━━━ Supplied data

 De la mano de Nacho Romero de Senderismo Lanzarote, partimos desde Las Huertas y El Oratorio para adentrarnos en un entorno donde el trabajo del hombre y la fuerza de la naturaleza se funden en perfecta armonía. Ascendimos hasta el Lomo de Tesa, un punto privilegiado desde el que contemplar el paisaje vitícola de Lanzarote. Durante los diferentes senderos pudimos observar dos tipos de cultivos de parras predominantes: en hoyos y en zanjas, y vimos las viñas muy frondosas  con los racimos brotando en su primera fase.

━━━━━━
━━━ Supplied data

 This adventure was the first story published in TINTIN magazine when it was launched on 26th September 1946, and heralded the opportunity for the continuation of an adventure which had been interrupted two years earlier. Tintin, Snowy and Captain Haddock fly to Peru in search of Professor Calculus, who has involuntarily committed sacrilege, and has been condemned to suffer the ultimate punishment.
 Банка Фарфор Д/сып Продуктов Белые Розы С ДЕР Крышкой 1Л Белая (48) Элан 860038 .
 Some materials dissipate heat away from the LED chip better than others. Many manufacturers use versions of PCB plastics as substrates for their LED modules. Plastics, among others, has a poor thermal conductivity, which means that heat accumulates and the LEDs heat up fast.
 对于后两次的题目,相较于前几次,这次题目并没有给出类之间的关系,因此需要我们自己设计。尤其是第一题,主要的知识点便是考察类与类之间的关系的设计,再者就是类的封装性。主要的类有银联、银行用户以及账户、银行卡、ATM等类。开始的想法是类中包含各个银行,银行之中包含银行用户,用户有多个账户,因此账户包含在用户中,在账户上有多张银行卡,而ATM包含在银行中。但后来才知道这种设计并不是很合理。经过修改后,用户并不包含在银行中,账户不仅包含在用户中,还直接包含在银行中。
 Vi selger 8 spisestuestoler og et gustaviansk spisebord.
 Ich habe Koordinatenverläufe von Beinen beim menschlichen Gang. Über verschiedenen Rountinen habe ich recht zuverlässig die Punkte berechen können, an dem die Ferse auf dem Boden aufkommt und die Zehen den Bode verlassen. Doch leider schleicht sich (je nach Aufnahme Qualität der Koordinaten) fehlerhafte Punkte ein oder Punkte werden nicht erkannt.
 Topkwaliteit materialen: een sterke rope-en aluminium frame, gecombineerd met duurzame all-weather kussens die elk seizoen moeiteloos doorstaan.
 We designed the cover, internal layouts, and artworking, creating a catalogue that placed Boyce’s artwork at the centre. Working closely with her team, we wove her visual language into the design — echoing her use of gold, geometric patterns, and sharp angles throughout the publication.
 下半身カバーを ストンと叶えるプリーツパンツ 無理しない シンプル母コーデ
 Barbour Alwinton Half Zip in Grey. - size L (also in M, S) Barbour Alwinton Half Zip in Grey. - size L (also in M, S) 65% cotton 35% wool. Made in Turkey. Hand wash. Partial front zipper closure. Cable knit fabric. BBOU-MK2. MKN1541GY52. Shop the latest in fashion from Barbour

━━━━━━

What the task asks: Only one stretch of the entries above is wanted: the lines from the one containing "Topkwaliteit materialen: een" through the one containing "fashion from Barbour". Please reproduce it exactly.

Result of the task:
 Topkwaliteit materialen: een sterke rope-en aluminium frame, gecombineerd met duurzame all-weather kussens die elk seizoen moeiteloos doorstaan.
 We designed the cover, internal layouts, and artworking, creating a catalogue that placed Boyce’s artwork at the centre. Working closely with her team, we wove her visual language into the design — echoing her use of gold, geometric patterns, and sharp angles throughout the publication.
 下半身カバーを ストンと叶えるプリーツパンツ 無理しない シンプル母コーデ
 Barbour Alwinton Half Zip in Grey. - size L (also in M, S) Barbour Alwinton Half Zip in Grey. - size L (also in M, S) 65% cotton 35% wool. Made in Turkey. Hand wash. Partial front zipper closure. Cable knit fabric. BBOU-MK2. MKN1541GY52. Shop the latest in fashion from Barbour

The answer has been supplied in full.